Por sua vez, Jaqueline Evangelista, coordenadora da Articulação Pacari, discursou sobre o trabalho feito para se obter o reconhecimento da medicina tradicional do Brasil, mais especificamente das chamadas Farmacinhas do Cerrado. Ele lembra que há cerca de 12 mil espécies de plantas no Cerrado e apresentou o trabalho dos autointutulados “raizeiros” e “raizeiras”. 

As “farmacinhas” podem ser caseiras ou comunitárias e produzem 40 tipos de remédios a preços acessíveis (ou obtidos por doação). Por não terem uma legislação que reconheça seu trabalho, é comum que esses espaços sejam fechados frequentemente pela Vigilância Sanitária. “Precisamos de um arcabouço jurídico para demonstrar que esses remédios são seguros e eficazes”, afirma Jaqueline, lembrando que o processo de produção passaria por uma regulamentação, que garantiria uma coleta segura dos elementos, as boas práticas na hora da preparação e a segurança das indicações.

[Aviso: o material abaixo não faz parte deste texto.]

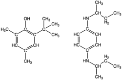 Synthetic phenolic antioxidants (SPAs)[35] and aminic antioxidants[36] have potential human and environmental health hazards. SPAs are common in indoor dust, small air particles, sediment, sewage, river water and wastewater.[37] They are synthesized from phenolic compounds and include 2,6-di-tert-butyl-4-methylphenol (BHT), 2,6-di-tert-butyl-p-benzoquinone (BHT-Q), 2,4-di-tert-butyl-phenol (DBP) and 3-tert-butyl-4-hydroxyanisole (BHA). BHT can cause hepatotoxicity and damage to the endocrine system and may increase tumor development rates due to 1,1-dimethylhydrazine.[38] BHT-Q can cause DNA damage and mismatches[39] through the cleavage process, generating superoxide radicals.[37] DBP is toxic to marine life if exposed long-term. Phenolic antioxidants have low biodegradability, but they do not have severe toxicity toward aquatic organisms at low concentrations. Another type of antioxidant, diphenylamine (DPA), is commonly used in the production of commercial, industrial lubricants and rubber products and it also acts as a supplement for automotive engine oils.[40]

Conhecimento indígena e educação – Representando o Fórum Permanente das Nações Unidas sobre Assuntos Indígenas e também o Centro para La Autonomía y Desarrollo de los Pueblos Indígenas da Nicarágua, Myrna Cunningham falou sobre a entrada do conhecimento indígena na academia, passando de uma política de cotas e inclusão para alunos à chegada aos tablados dos professores, o que proporciona um “diálogo intercultural muito mais amplo”. 

Um dos exemplos é Cátedra Indígena Itinerante (CII), dentro da Universidade Indígena Intercultural (rede de centros associados de mais de 20 países), uma instância de difusão, intercâmbio e construção coletiva de conhecimento que conta com a participação de nações latino-americanas e da Espanha. Entre os temas discutidos na cátedra estão direitos humanos, identidade e diversidade culturais, espiritualidade, geopolítica e relações de descolonização. Segundo Myrna, mais de mil jovens indígenas já participaram dela.

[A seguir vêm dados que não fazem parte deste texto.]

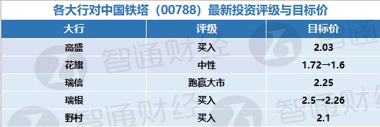 四、各大行对中国铁塔(00788)最新投资评级与目标价

No entanto, em termos de difusão do conhecimento indígena em outras esferas, Myrna conta que o grande desafio é passar do reconhecimento à aplicação prática. “Os indígenas ainda enfrentam constantemente o problema de ter que negociar por seus direitos diante de projetos como represas e indústrias extrativistas. Não existe um mecanismo sistemático de participação ou consulta a eles, essa é uma realidade em diversas partes do mundo”, lamenta, em resposta a uma pergunta sobre a polêmica em relação à usina hidrelétrica de Belo Monte. 

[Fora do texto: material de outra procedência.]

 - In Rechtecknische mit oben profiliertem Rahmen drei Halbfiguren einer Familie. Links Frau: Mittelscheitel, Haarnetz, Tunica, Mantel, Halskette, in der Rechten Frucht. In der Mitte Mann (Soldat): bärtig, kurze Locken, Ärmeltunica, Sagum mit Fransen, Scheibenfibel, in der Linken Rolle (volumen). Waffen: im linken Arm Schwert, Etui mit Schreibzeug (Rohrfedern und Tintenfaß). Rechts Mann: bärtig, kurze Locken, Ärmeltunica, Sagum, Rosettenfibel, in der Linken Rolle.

Dentro do tema ambiental, Joji Carino, representante do Tebtebba, Centro Internacional dos Povos Indígenas para Políticas de Pesquisa e Educação, situado nas Filipinas, destacou a “relação sagrada” de muitos índios com a natureza, o que facilita a conservação das áreas protegida. Ela fez uma comparação de áreas de proteção comuns com áreas onde habitam índios e o resultado é que as áreas controladas por esses povos apresentariam melhores índices de conservação.

Durante o painel, foi lançado o livro ‘Weathering Uncertainty – Traditional Knowledge for Climate Change Assessment and Adaptation’, publicado pela Unesco e pela United Nations University, sobre a vulnerabilidade, preocupações e capacidade de adaptação dos povos indígenas e comunidades marginalizadas.